SIX churches in Chichester have joined together to raise enough money to fund two schools for refugee children in Lebanon. To date, the churches have raised more than £21,000: enough to pay for one school to be built and run for a year, and "well on target" towards funding a second school.
The churches are working with Children on the Edge, a small charity also based in Chichester, which helps vulnerable children across the world. It has joined forces with a church in Lebanon to provide refugee children with schools and winter provisions.
The fund-raising efforts began 18 months ago, when Dan Slatter, a leader at Revelation church in Chichester, moved by footage of Syrian refugees in the Middle East, contacted Children on the Edge.
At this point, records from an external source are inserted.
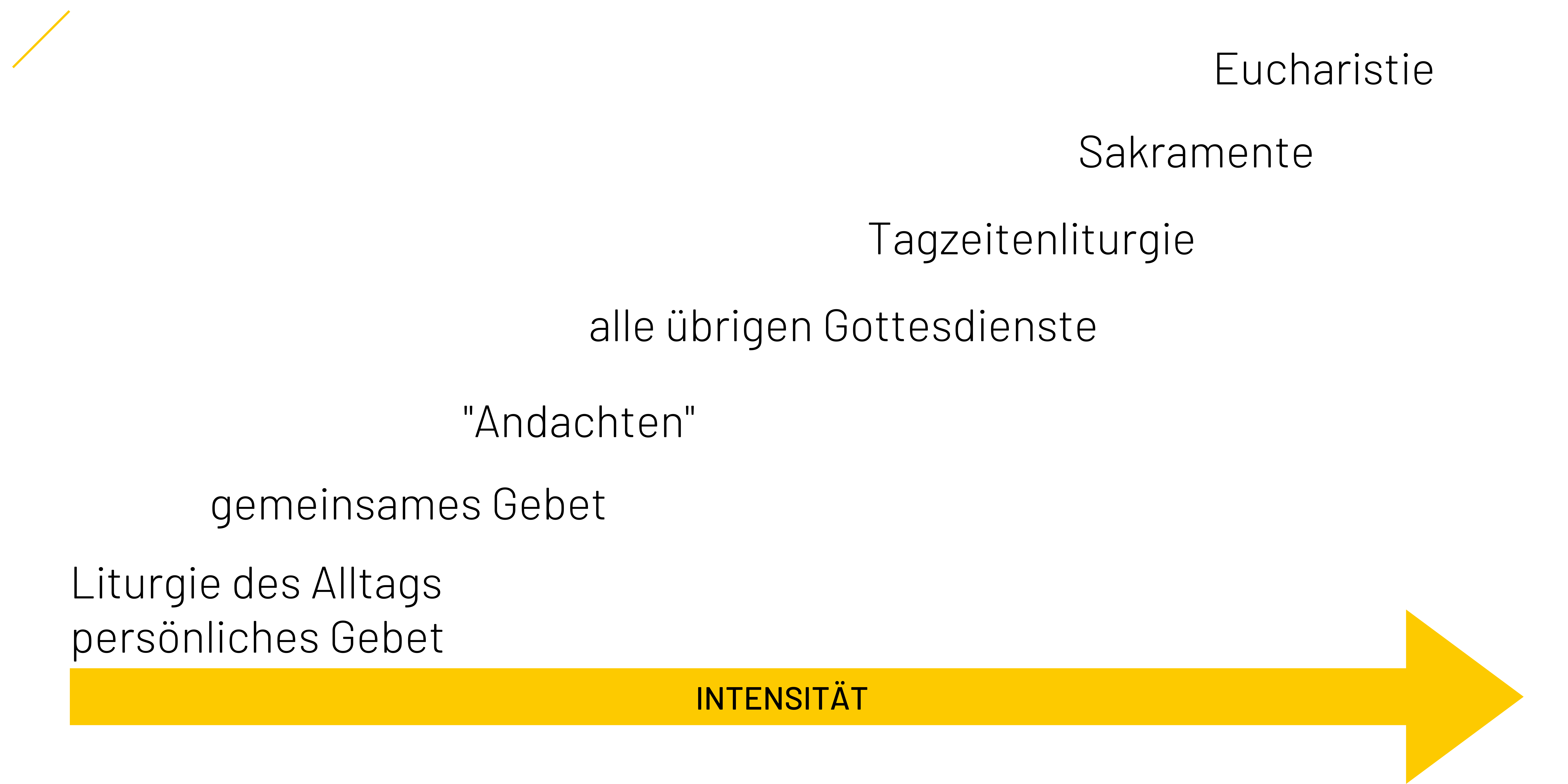 Hinsichtlich der Form ergibt sich eine Skalierung von Liturgie, an deren obersten Ende („Quelle und Höhepunkt“, Lumen Gentium, 11) die Eucharistiefeier als Gedächtnisfeier unseres Gründungsauftrages steht. Andererseits ist auch ein Leben des Alltags eingedenk des Erlösungsgeschehens (Pascha-Mysterium), der Gegenwart Christi und in Verbundenheit mit der kirchlichen Gemeinschaft aller Getauften Gottesdienst.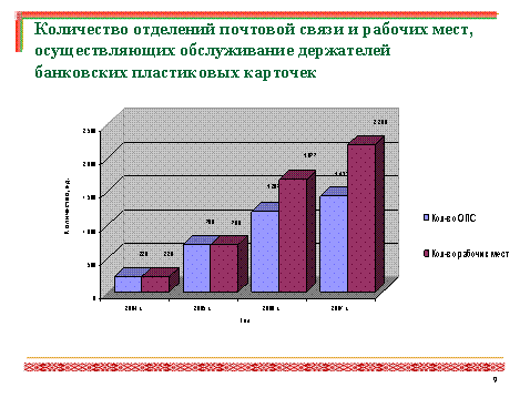 Во всех отделениях почтовой связи организован прием электронных денежных переводов. В 2200 отделениях почтовой связи внедрены услуги с применением считывателей банковских пластиковых карточек. Эксплуатируется 230 единиц платежно-справочных терминалов, работающих в режиме самообслуживания. Организовано 3372 автоматизированных рабочих места операторов почтовой связи с возможностью работы со считывателями банковских пластиковых карточек и сканерами штриховых кодов.
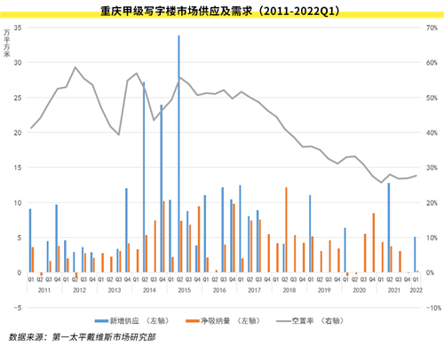 據(jù)第一太平戴維斯近日發(fā)布的重慶房地產(chǎn)市場(chǎng)報(bào)告,2022年第一季度城市更新助推重慶零售市場(chǎng)傳統(tǒng)商圈升級(jí)煥新;寫(xiě)字樓市場(chǎng)凈吸納量回升幅度有限,租金水平保持基本穩(wěn)定。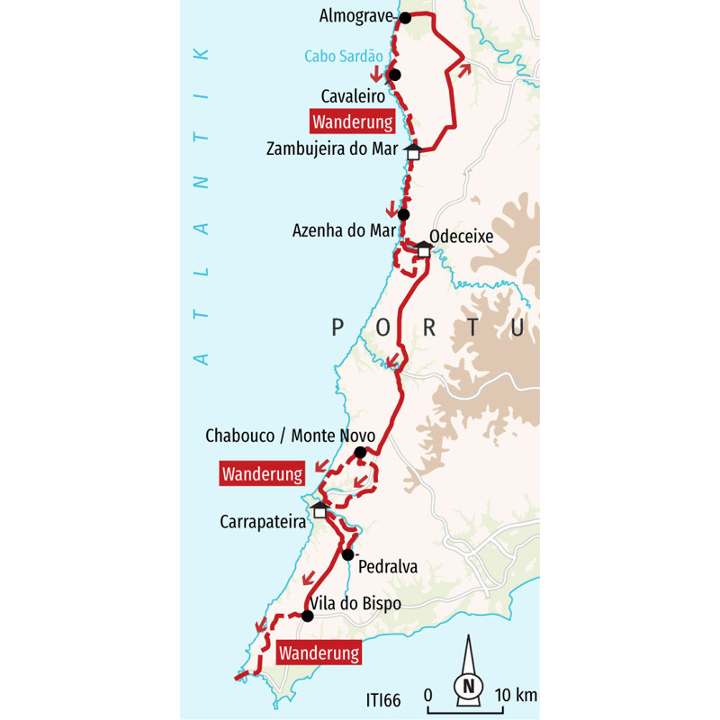 Wanderreise entlang der Rota Vicentina an der Westküste PortugalsSalzige Meeresluft weht Ihnen um die Nase, das Rauschen der Wellen begleitet Ihre Schritte – Sie wandern auf dem Fischerpfad entlang der wilden Westküste Portugals. Die Rota Vicentina führt Sie durch eine beeindruckende Küstenlandschaft: weite Strände, zerklüftete Klippen und der offene Atlantik stets im Blick. Sie durchstreifen die einsamen Dünen des Naturparks von Carrapateira und lassen den Blick schweifen, wenn am Cabo São Vicente die Brandung donnernd gegen die Felsen schlägt. Im Kontrast dazu zeigen Ihnen die Wanderungen ins fruchtbare Hinterland eine stillere Seite der Region: sanfte Hügel mit knorrigen Olivenbäumen, verstreute Dörfer und eine wohltuende Ruhe – weit entfernt vom Wind der Küste. Nach diesen ruhigen Momenten zieht es Sie wieder ans Meer zurück, wo spektakuläre Ausblicke und die Weite des Atlantiks auf Sie warten. Zwischen Almograve, Zambujeira do Mar und Odeceixe erleben Sie die authentische Küstenkultur Portugals. Ob beim Aufstieg zur Windmühle, beim Spaziergang durch kleine Gassen oder bei fangfrischem Fisch in einem der kleinen Hafenorte – diese Sefguided-Reise verbindet intensive Naturerlebnisse mit der entspannten Lebensart des Südens. Ein Wandererlebnis am atlantischen Ende Europas, das nachwirkt.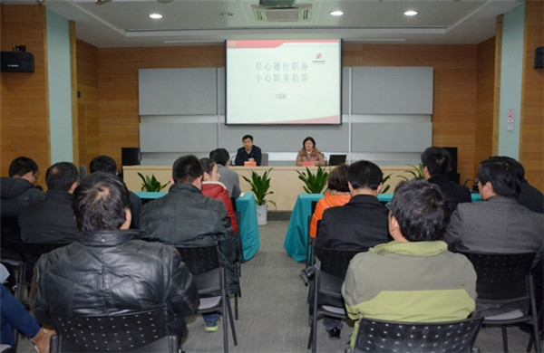 12月26日,開(kāi)發(fā)公司邀請(qǐng)宿城區(qū)檢察院預(yù)防職務(wù)犯罪科科長(zhǎng)王麗娟作《盡心履行職務(wù),小心職務(wù)犯罪》專題講座,園區(qū)黨工委委員、管委會(huì)副主任、開(kāi)發(fā)公司總裁陸志剛參加講座。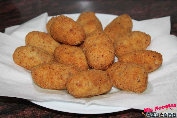Ponemos a calentar la freidora o una sartén con abundante aceite, cuando este caliente añadiremos las croquetas por tandas y las dejaremos hasta que se doren. A la hora se sacarlas las pondremos en un plato al cual le habremos puesto papel para que absorba el exceso de aceite.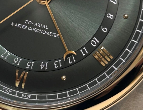日付窓ではなく日付リングのアラビア数字を三日月形の針が指し示すポインターデイト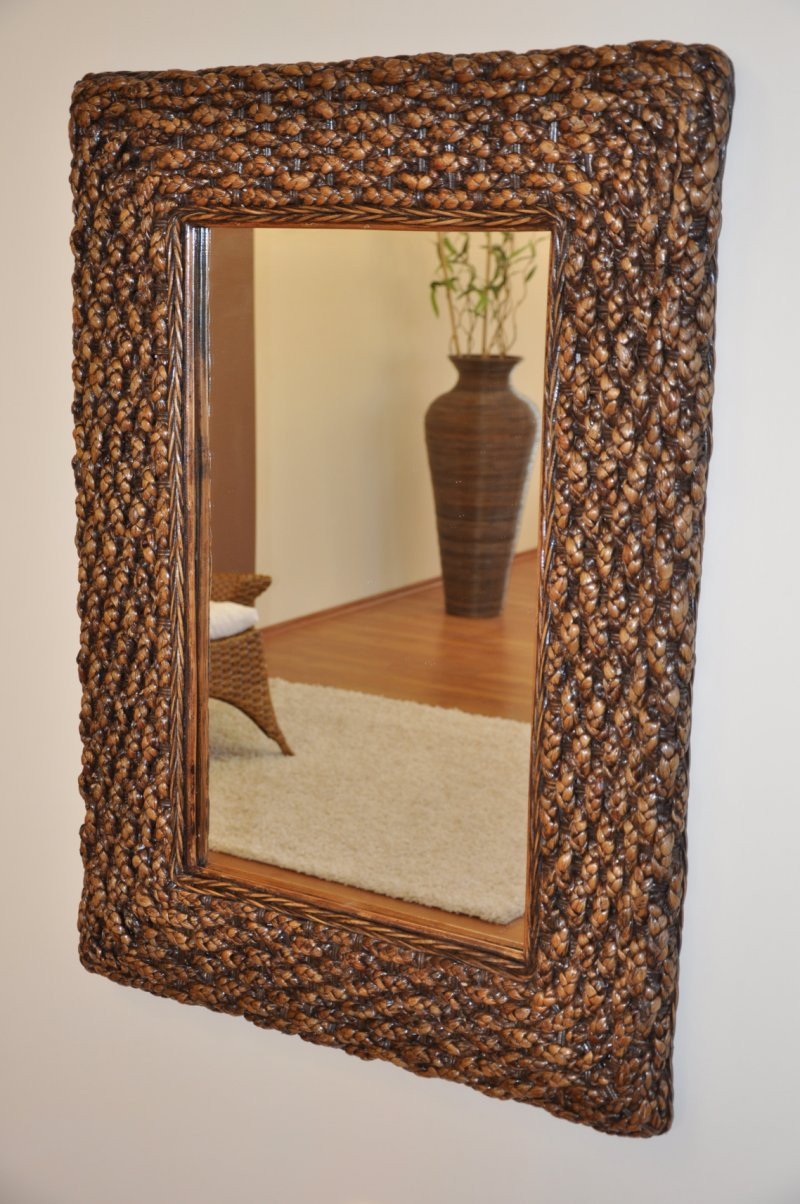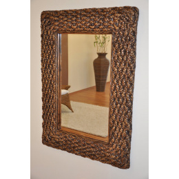 Rám zrcadla je vyroben z přírodního ratanu a výplet je tvořen ze stonků vodního hyacintu. | Celková velikost zrcadla včetně rámu je 72x5x97 cm, velikost skleněné plochy je 40x60 cm.

Soon, six churches in the town were on board — Church of England, Baptist, Pioneer, Assemblies of God, and New Frontiers.
"We realised that, together, we would have more of an impact than us all sporadically giving money to different things," Mr Slatter said last month. He had been struck, he said, by the contrast between the situation of refugees in the UK and of those in Lebanon, where Syrians now make up 25 per cent of population.
Rachel Bentley, the executive director of Children on the Edge, said that the charity was "incredibly grateful" for the churches’ contributions. Many of the children who would attend the two schools would have experienced "serious trauma" after witnessing the war in Syria, she said.
The schools were "truly child-friendly spaces: welcoming, safe, and fun, with teachers trained from within [the children’s] own community. Children are beginning to develop, to work out their feelings, and tap into their natural resilience."
UN statistics suggest that 70 per cent of the more than one million Syrian refugees in Lebanon now live below the Lebanese extreme-poverty line, compared with 49 per cent in 2014; and that "food insecurity is mounting" due to the refugees’ lack of earning power.
Just over half of refugees aged six to 14 are in school, and fewer than half of these complete their primary education. Only five per cent of teenagers aged 15 to 17 attend secondary school or higher education.
"Without a robust and sustainable humanitarian response, refugees risk sinking deeper and deeper into poverty," Mireille Girard, who is the UNHCR representative in Lebanon, declared last month.